[Material provided]:
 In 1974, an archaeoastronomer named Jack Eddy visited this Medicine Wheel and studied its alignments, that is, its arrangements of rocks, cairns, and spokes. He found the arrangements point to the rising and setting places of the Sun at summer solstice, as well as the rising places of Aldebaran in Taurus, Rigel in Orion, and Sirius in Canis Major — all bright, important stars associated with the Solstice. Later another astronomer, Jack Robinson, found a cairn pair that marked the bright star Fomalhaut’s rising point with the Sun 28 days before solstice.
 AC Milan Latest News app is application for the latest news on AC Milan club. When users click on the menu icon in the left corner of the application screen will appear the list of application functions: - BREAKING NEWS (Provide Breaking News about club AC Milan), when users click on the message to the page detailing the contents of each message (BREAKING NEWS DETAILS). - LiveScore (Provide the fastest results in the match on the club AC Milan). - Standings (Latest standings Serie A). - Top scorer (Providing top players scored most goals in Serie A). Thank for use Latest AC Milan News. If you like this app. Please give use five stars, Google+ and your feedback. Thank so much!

--

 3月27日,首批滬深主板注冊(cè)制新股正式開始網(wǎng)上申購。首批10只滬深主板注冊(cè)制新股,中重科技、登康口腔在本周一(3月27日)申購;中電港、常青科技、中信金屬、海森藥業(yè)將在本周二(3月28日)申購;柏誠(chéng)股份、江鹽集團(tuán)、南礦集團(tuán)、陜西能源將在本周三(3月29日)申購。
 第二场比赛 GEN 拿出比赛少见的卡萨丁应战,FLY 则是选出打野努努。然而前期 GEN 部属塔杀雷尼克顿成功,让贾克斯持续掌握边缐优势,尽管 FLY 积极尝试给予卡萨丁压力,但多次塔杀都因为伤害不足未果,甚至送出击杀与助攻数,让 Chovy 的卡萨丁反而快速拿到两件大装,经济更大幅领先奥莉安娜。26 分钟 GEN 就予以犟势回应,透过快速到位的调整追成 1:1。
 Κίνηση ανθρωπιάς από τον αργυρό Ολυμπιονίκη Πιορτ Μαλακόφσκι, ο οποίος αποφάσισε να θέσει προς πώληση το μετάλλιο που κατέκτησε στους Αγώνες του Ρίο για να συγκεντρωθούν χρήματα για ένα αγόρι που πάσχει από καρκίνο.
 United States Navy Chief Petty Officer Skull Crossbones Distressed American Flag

[How to complete this task]: Only one stretch of the entries above is wanted: the lines from the one containing "第二场比赛 GEN 拿出比赛少见的卡萨丁应战,FLY" through the one containing "Κίνηση ανθρωπιάς από". Please reproduce it exactly.

[Written solution]:
 第二场比赛 GEN 拿出比赛少见的卡萨丁应战,FLY 则是选出打野努努。然而前期 GEN 部属塔杀雷尼克顿成功,让贾克斯持续掌握边缐优势,尽管 FLY 积极尝试给予卡萨丁压力,但多次塔杀都因为伤害不足未果,甚至送出击杀与助攻数,让 Chovy 的卡萨丁反而快速拿到两件大装,经济更大幅领先奥莉安娜。26 分钟 GEN 就予以犟势回应,透过快速到位的调整追成 1:1。
 Κίνηση ανθρωπιάς από τον αργυρό Ολυμπιονίκη Πιορτ Μαλακόφσκι, ο οποίος αποφάσισε να θέσει προς πώληση το μετάλλιο που κατέκτησε στους Αγώνες του Ρίο για να συγκεντρωθούν χρήματα για ένα αγόρι που πάσχει από καρκίνο.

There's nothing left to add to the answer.